(28/48/49/50) Lerch Transcendent and Polylogarithm

[C.Ret]

Hi,

I confirmed that this code runs on a HP-28S.

Here is a simplification, the long IF SAME THEN ... END sequence is a way to leave the FOR / NEXT loop when convergence is achieved. A more academic way would have been to use a DO /UNTIL or WHILE /REPEAT loop structure. But this also add many instructions for increasing the k-indices.

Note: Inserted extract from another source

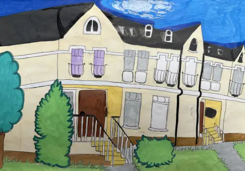 Я нарисовала свой дом, я очень люблю свой город, свой район! Здесь очень много кустарников и деревьев, так же жители нашего района самостоятельно разбивают клумбы около своих подъездов! Мы переехали в этом году, в следующем тоже будем сажать цветы вместе с мамой!
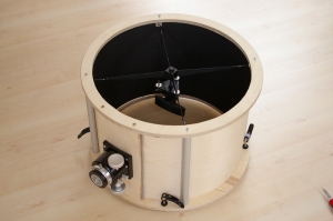 Hut eine sehr hohe Steifigkeit. Der Okularauszug (Crayford) wird zentrisch in der Höhe auf dem Okularauszugsbrett

The smarter way is to kept the FOR/NEXT structure in charge of increasing k indices number but with the flexibility of an DO/UNTIL or WHILE/REPEAT non deterministic loop using a tricky IFTE STEP instance:

Code:

« →  z  s  a
   «  a  s  ^  INV                             // Initialize      L( 0 ) = 1/a^s
     1. 9999. FOR k
          DUP                                  // Leave a copy of L(k-1) in the stack
          z  k  ^  k  a  +  s  ^  /  +         // Compute         L( k )= L(k-1) + k^z/(k+a)^s
          DUP  ROT  SAME  MAXR  1.  IFTE       // Test            L(k-1)==L(k)
     STEP » »                                  // Step k by 1 until  L(k-1) is numerically the SAME as L(k), then jump to infinity

By the way, I also remove OVER or SWAP stack operation in the computation. That why the local variables are for; avoid unnecessary obscure stack manipulations from any formulae.

Num.App.:
From WolframAlpha: \( \varphi (0.6\:,3\:,1)= {\sum_{k=0}^{\infty }\frac{0.6^k}{(k+1)^3}}\simeq 1.0933375227216344720577686546855537153004593302300056675987 \) I found \( 1.0933752271 \) on my HP-28S in 0'03"68.


Please to share with you, I hope this details will help you in your number crunching applications.

Sincerely.
C.Ret


EDIT: Correct a broken english style.